Why is the file written in pieces 44x larger than the file written in one step?
If there is not a fix for this, do you have any suggestions on how I can generate and store a variable much larger than the amount of RAM available on my PC?
Thank you,
Andrew
% Generate Data that is cause for question
testFile = matfile('simData1','Writable',true);
testFile.y1 = [];
filePtr = 1;
for itr = 1:100
data = randn(1000,1);
testFile.y1(filePtr:filePtr+1000-1,1) = data;
filePtr = filePtr + 1000;
end%for
data = randn(1e5,1);
testFile2 = matfile('simData2','Writable',true);
testFile2.y2 = data;
% Show that files are different size on disk
clear
details = dir;
for itr = 1:length(details)
if strcmp(details(itr).name,'simData1.mat');
fileIdx1 = itr;
elseif strcmp(details(itr).name,'simData2.mat');
fileIdx2 = itr;
end%if
end%for
details(fileIdx1).bytes
details(fileIdx2).bytes
% show that variables are same size in memory
load('simData1')
load('simData2')
Edit: Note that preallocation of testFile.y1, (e.g. testFile.y1 = zeros(1e5,1);) does not resolve the issue.

Accepted Answer

per isakson
per isakson on 28 Jun 2012
Edited: per isakson on 29 Jun 2012
.
Strange! I think this is an issue for the tech support and the developers at The Mathworks.
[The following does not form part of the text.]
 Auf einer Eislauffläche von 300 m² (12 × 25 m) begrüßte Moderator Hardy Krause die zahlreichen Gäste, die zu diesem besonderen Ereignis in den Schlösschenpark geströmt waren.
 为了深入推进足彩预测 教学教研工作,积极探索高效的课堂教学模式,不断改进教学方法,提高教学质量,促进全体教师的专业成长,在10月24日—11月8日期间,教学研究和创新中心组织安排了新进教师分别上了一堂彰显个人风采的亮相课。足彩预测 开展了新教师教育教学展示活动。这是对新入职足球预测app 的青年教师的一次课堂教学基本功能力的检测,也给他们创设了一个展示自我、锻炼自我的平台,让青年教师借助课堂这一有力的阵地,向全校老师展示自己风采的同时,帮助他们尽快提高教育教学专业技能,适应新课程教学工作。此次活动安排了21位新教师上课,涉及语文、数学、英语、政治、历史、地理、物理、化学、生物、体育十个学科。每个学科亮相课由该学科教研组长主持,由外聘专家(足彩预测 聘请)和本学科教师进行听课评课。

I've reproduced your results with the function below (on R2012a 64bit + Windows7) and made a couple of observations:
  1. each chunk, .<1000x1 double>, of y1 has a larger "footprint" in the mat-file than the previous chunk; plot(sz1) displays a quadratic function.
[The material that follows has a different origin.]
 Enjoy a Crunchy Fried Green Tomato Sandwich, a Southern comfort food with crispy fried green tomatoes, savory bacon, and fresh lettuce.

  2. a rerun of the function, cssm, without deleting the mat-file beforehand adds another 32MB to the mat-file, simData1.mat. The file, simData1, ends up with a lot of "dead data".
function [ sz1, sz_mat1, sz_mat2, sz_y ] = cssm
% Generate Data that is cause for question
testFile = matfile('simData1','Writable',true);
testFile.y1 = [];
filePtr = 1;
sz1 = nan( 100, 1 );
for itr = 1:100
data = randn(1000,1);
testFile.y1(filePtr:filePtr+1000-1,1) = data;
filePtr = filePtr + 1000;
sad = dir('simData1.mat');
sz1(itr) = sad.bytes;
end%for
data = randn(1e5,1);
testFile2 = matfile('simData2','Writable',true);
testFile2.y2 = data;
[ sz_mat1, sz_mat2, sz_y ] = cssm_();
end
function [ sz_mat1, sz_mat2, sz_y ] = cssm_
% Show that files are different size on disk
sad = dir('simData1.mat');
sz_mat1 = sad.bytes;
sad = dir('simData2.mat');
sz_mat2 = sad.bytes;
% show that variables are same size in memory
load('simData1')
load('simData2')
sz_y = whos('y*');
end
.
--- Suggestion ---
100GB+ is a huge vector with a PC. Hopefully you use 64bit.
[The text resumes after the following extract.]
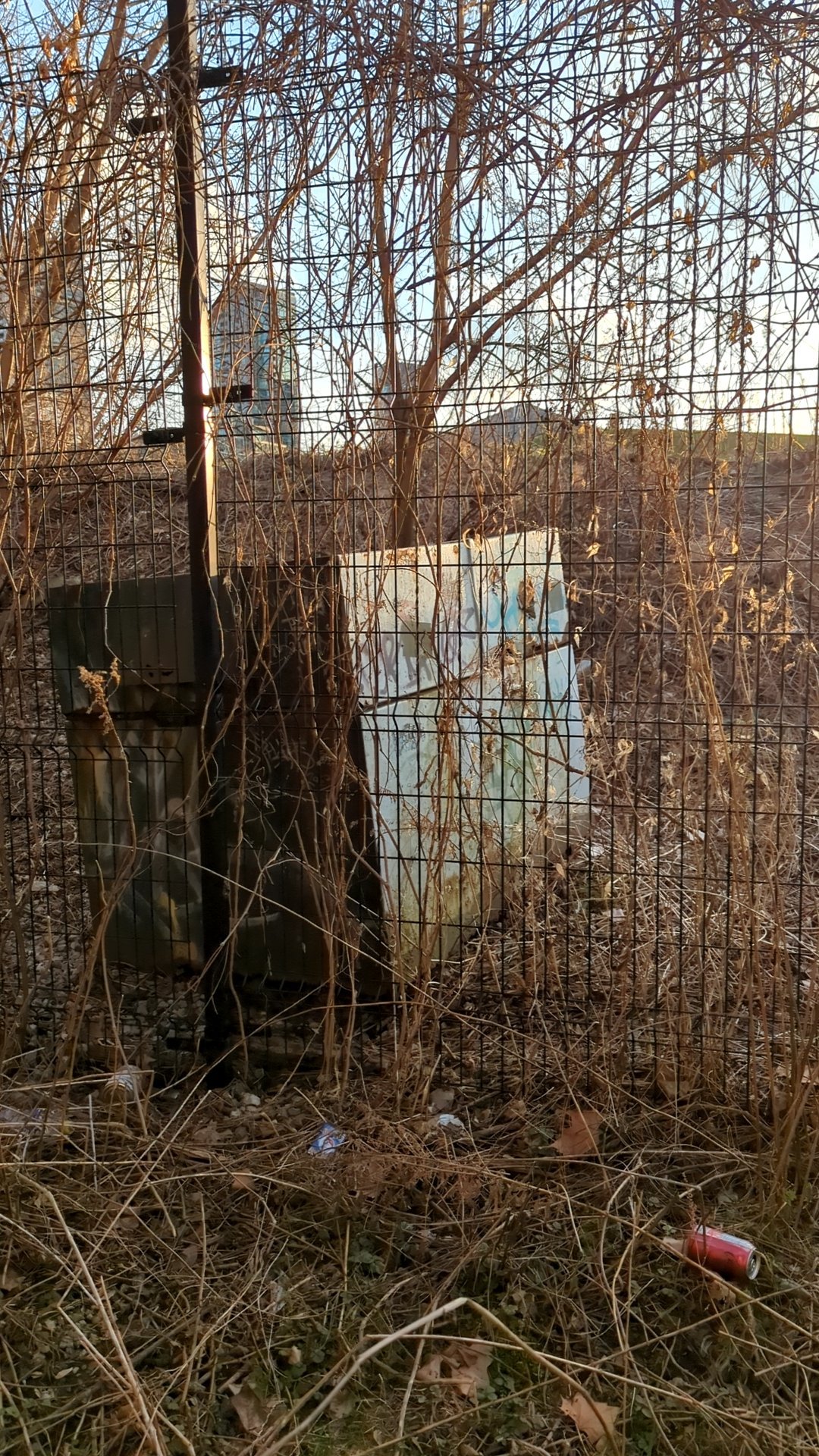 An abandoned metal dumpster with graffiti is located inside a fenced, overgrown area within the old fort heritage site at Fort York Boulevard. The bin sits among dense dead vegetation, vines, and accumulated debris, appearing to have been left unattended in this neglected space. This constitutes illegal dumping on a heritage property and requires removal and site cleanup.

I've experimented a bit with HDF5 and files of a couple of GB. Both high and low level Matlab hcf5 functions. My suggestions are:
  1. Try to make something simple with fwrite, fread, and fseek. Will be fast.
  2. Use high level HDF5. Choose a fixed sub-vector-size that fits easily in the Matlab workspace and Windows file cache. Use a separate dataset in the hdf-file for each sub-vector. Do not use a "chunked" hdf-file.
  3. The Waterloo File and Matrix Utilities, Malcolm Lidierth, http://www.mathworks.se/matlabcentral/fileexchange/12250-project-waterloo-file-and-matrix-utilities
.
--- Experiment with fwrite, fseek and fread ---
I've experimented a bit with fwrite, fseek and fread. With n1 = 1e3; n2 = 1e6; in the function below a 8GB file is produced. The write and the two reads each takes approximately 100 seconds. Most of the time the Free memory is (close to) zero. With n1 = 1e3; n2 = 1e6;
With n1 = 1e3; n2 = 3e6; a 24GB file is produced and the times to write and read are three times as long; it seems to be linear with size.
function [write_tt,read_tt,readr_tt] = write_read_huge_vector( n1, n2 )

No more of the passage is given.